What the task requires | In the records below, the relevant part opens with the line containing "12月24日上午,郑小九与河南地矿职业学院思政课教师交流十九届六中全会精神。" and closes with the line containing "Für Siemens haben"; print that part exactly and only, without its pictures.

Extracted data |

=== Begin Enclosure ===

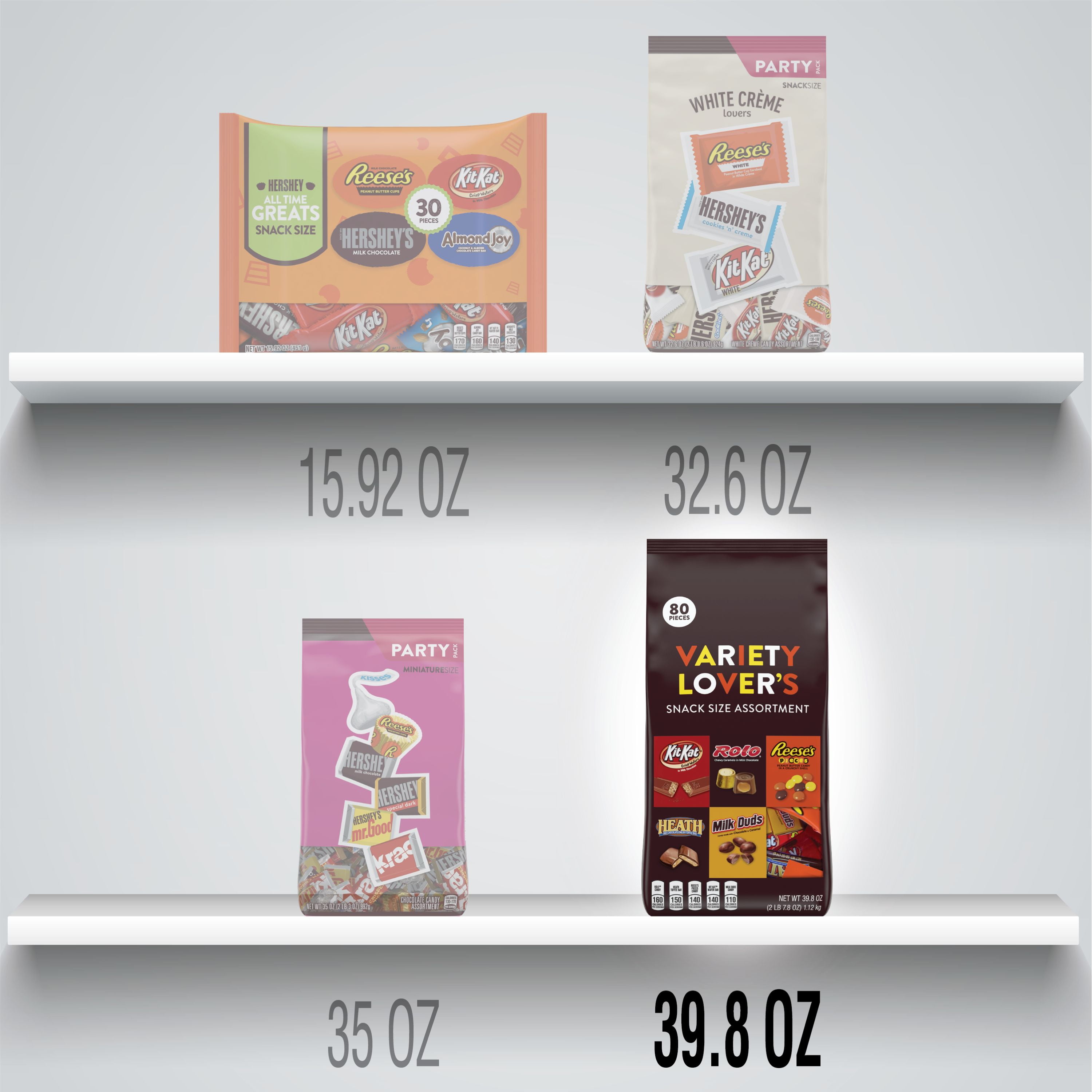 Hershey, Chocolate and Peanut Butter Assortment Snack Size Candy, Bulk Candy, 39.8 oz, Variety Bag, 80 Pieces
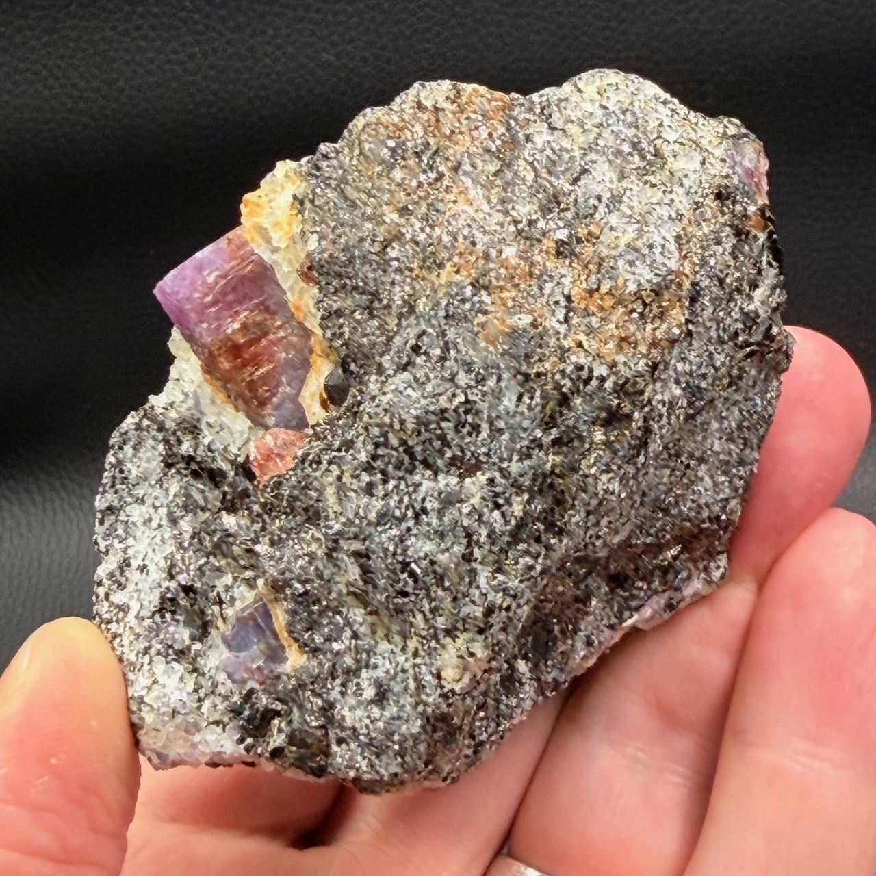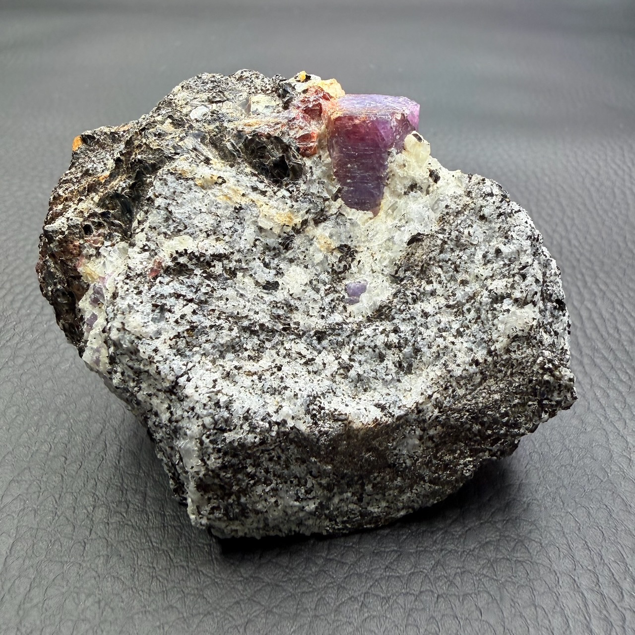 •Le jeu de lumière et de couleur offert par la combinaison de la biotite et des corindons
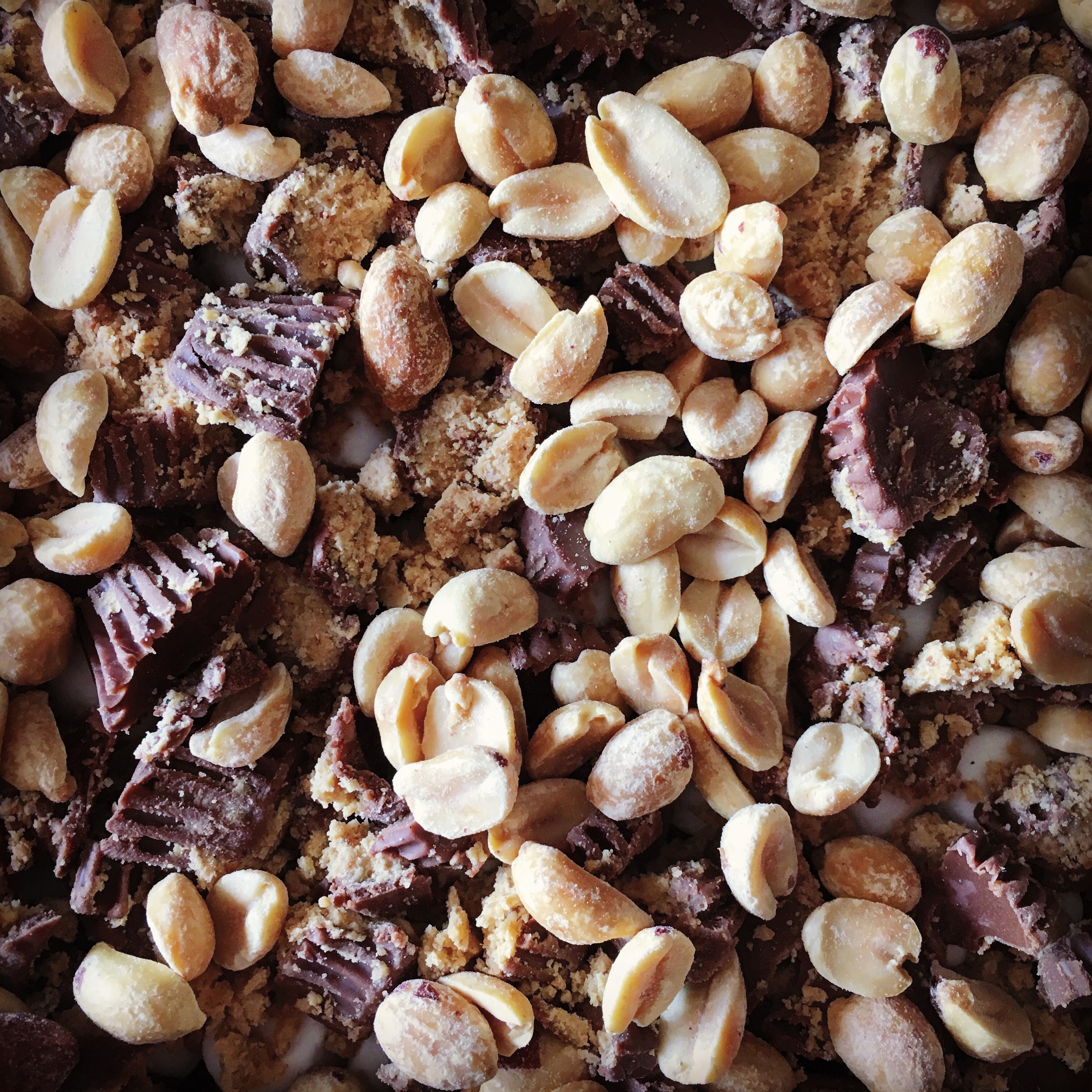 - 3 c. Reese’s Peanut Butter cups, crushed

=== End Enclosure ===
=== Begin Enclosure ===

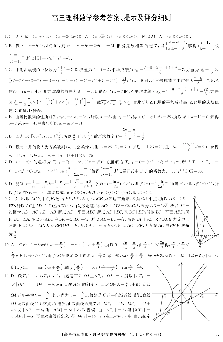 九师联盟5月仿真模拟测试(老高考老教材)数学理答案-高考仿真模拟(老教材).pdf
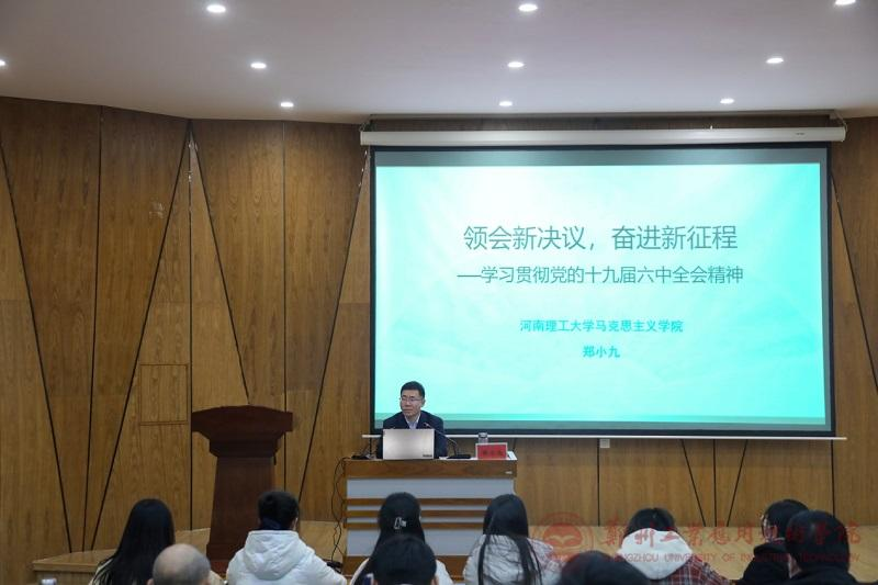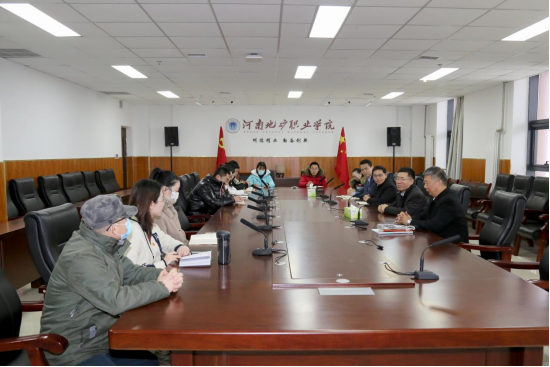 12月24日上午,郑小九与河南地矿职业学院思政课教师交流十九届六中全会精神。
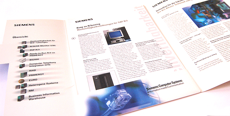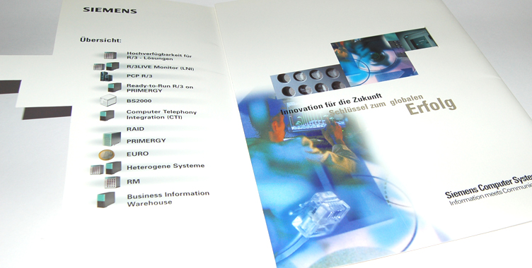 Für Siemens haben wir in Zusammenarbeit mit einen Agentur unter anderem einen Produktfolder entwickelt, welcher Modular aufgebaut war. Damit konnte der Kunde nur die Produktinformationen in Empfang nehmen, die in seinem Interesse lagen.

=== End Enclosure ===

Result of this exercise |
 12月24日上午,郑小九与河南地矿职业学院思政课教师交流十九届六中全会精神。
 Für Siemens haben wir in Zusammenarbeit mit einen Agentur unter anderem einen Produktfolder entwickelt, welcher Modular aufgebaut war. Damit konnte der Kunde nur die Produktinformationen in Empfang nehmen, die in seinem Interesse lagen.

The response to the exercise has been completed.